- [Aim of the exercise]:
Output the data below only from the line containing "Смеситель для душа" up to and including the line containing "Zenana Outfitters Vest", exact and with the pictures left out.

- [Information]:
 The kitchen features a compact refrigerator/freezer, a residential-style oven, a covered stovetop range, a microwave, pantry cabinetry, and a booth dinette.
---
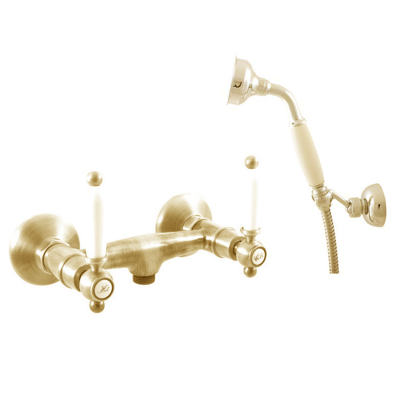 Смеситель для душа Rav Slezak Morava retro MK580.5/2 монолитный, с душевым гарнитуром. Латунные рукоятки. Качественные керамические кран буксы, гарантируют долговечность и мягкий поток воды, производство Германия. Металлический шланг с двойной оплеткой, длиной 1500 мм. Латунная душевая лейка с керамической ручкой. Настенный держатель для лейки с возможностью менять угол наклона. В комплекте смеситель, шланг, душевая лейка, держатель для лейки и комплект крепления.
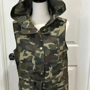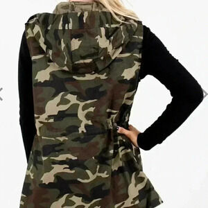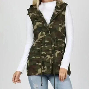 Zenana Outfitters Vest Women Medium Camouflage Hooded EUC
* * *
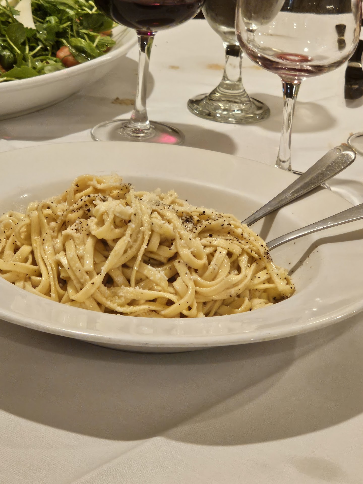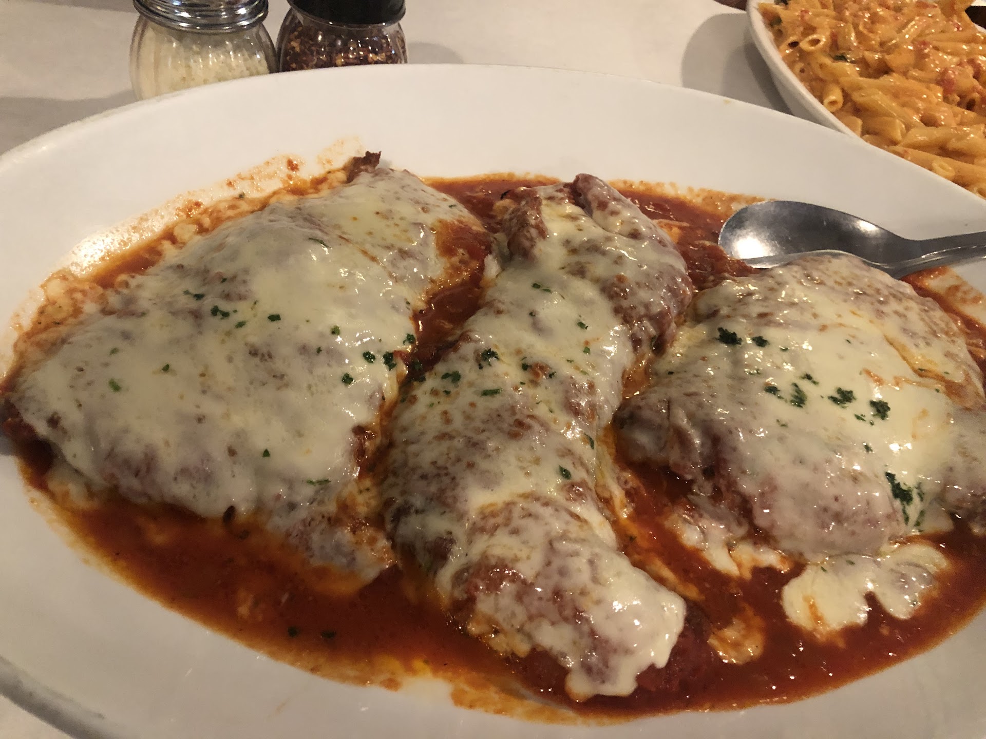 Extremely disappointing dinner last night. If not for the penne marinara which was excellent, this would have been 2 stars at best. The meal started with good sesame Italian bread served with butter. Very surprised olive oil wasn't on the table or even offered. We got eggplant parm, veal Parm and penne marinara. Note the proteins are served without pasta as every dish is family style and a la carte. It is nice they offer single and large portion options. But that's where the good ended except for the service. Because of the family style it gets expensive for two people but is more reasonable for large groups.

- [Exercise answer]:
 Смеситель для душа Rav Slezak Morava retro MK580.5/2 монолитный, с душевым гарнитуром. Латунные рукоятки. Качественные керамические кран буксы, гарантируют долговечность и мягкий поток воды, производство Германия. Металлический шланг с двойной оплеткой, длиной 1500 мм. Латунная душевая лейка с керамической ручкой. Настенный держатель для лейки с возможностью менять угол наклона. В комплекте смеситель, шланг, душевая лейка, держатель для лейки и комплект крепления.
 Zenana Outfitters Vest Women Medium Camouflage Hooded EUC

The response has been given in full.